Spec Name	make_* function	Input dtype	Op	Used by
`exclusive_scan_i32`	`make_exclusive_scan`	int32	sum	`exclusive_sum()`
`exclusive_scan_i64`	`make_exclusive_scan`	int64	sum	`exclusive_sum()`
`select_i32`	`make_select`	int32	predicate	`compact_indices()`
`select_i64`	`make_select`	int64	predicate	`compact_indices()`
`reduce_sum_f64`	`make_reduce_into`	float64	sum	`reduce_sum()`
`reduce_sum_i32`	`make_reduce_into`	int32	sum	`reduce_sum()`
`segmented_reduce_sum_f64`	`make_segmented_reduce`	float64	sum	`segmented_reduce_sum()`
`segmented_reduce_min_f64`	`make_segmented_reduce`	float64	min	`segmented_reduce_min()`
`segmented_reduce_max_f64`	`make_segmented_reduce`	float64	max	`segmented_reduce_max()`
`lower_bound_i32`	`make_lower_bound`	int32	None	`lower_bound()`
`lower_bound_u64`	`make_lower_bound`	uint64	None	`lower_bound()`
`upper_bound_i32`	`make_upper_bound`	int32	None	`upper_bound()`
`upper_bound_u64`	`make_upper_bound`	uint64	None	`upper_bound()`
`radix_sort_i32_i32`	`make_radix_sort`	int32/int32	ascending	`sort_pairs()`
`radix_sort_u64_i32`	`make_radix_sort`	uint64/int32	ascending	`sort_pairs()`
`merge_sort_u64_i32`	`make_merge_sort`	uint64/int32	less	`sort_pairs()`
`unique_by_key_i32_i32`	`make_unique_by_key`	int32/int32	eq	`unique_sorted_pairs()`
`unique_by_key_u64_i32`	`make_unique_by_key`	uint64/int32	eq	`unique_sorted_pairs()`

18 specs total, but no single operation uses all 18.
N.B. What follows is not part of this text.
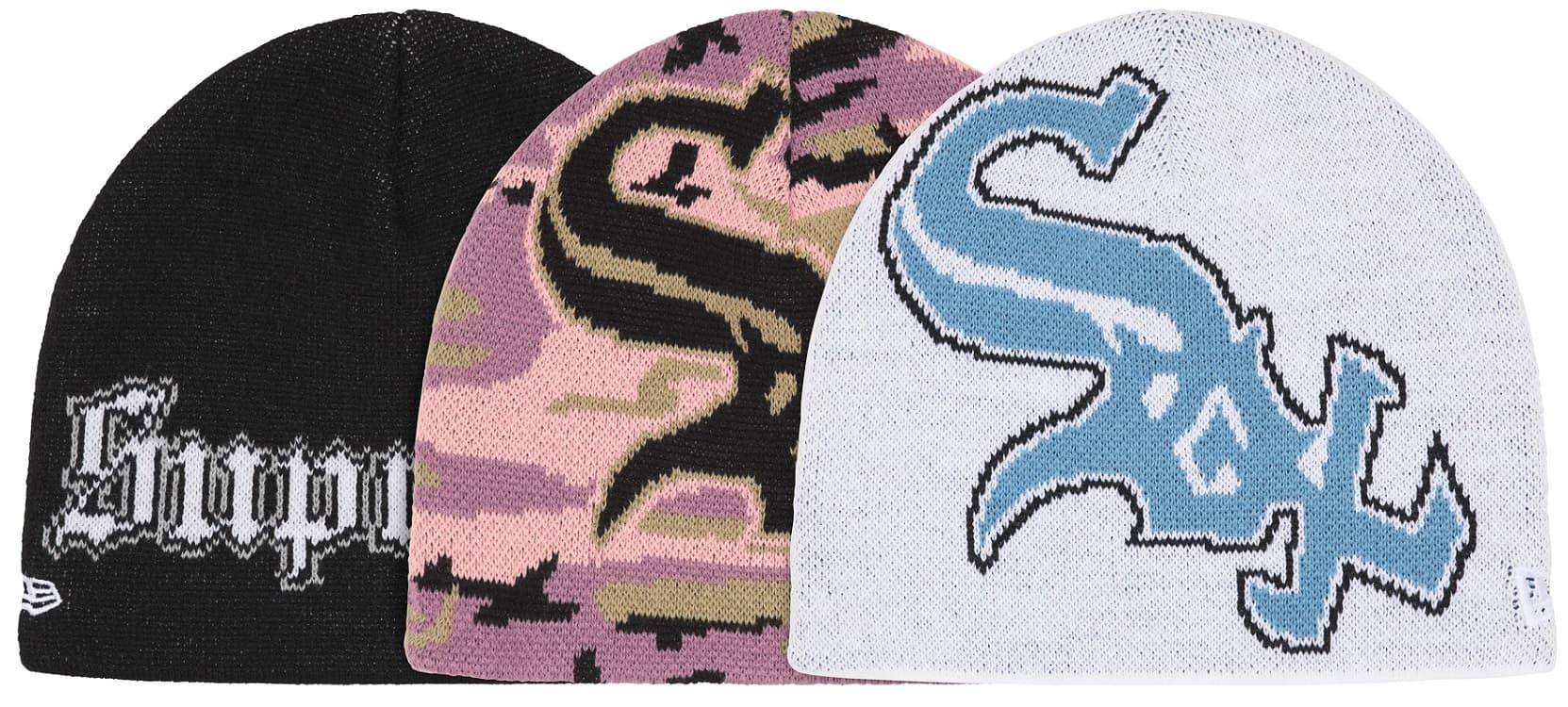 MLBシカゴホワイトソックスのチームロゴとオールドイングリッシュロゴを大きく編み込んだニューエラ製シングルカフビーニー。

Module Dependency Declarations¶

Each consumer module declares its CCCL needs at the top of the file. This is a static declaration, not a runtime probe:

# spatial_query.py
from vibespatial.cuda.cccl_primitives import (
    compact_indices,
    exclusive_sum,
    lower_bound,
    segmented_reduce_min,
    sort_pairs,
    upper_bound,
)
from vibespatial.cuda.cccl_precompile import request_warmup

# Declare the 12 specs this module actually uses.
# request_warmup is a no-op if GPU is unavailable or specs
# are already submitted. It never blocks.
request_warmup([
    "exclusive_scan_i32", "exclusive_scan_i64",
    "select_i32", "select_i64",
    "radix_sort_i32_i32", "radix_sort_u64_i32",
    "merge_sort_u64_i32",
    "lower_bound_i32", "lower_bound_u64",
    "upper_bound_i32", "upper_bound_u64",
    "segmented_reduce_min_f64",
])

# point_in_polygon.py --- only needs select
from vibespatial.cuda.cccl_precompile import request_warmup
request_warmup(["select_i32", "select_i64"])

# io_arrow.py --- only needs exclusive_scan
from vibespatial.cuda.cccl_precompile import request_warmup
request_warmup(["exclusive_scan_i32", "exclusive_scan_i64"])

Because many vibespatial consumer modules are lazily imported from the vendored GeoPandas layer (e.g., spatial_query and indexing are imported inside method bodies in array.py), the warmup naturally fires only when the user first touches code that needs those primitives — not at bare import geopandas.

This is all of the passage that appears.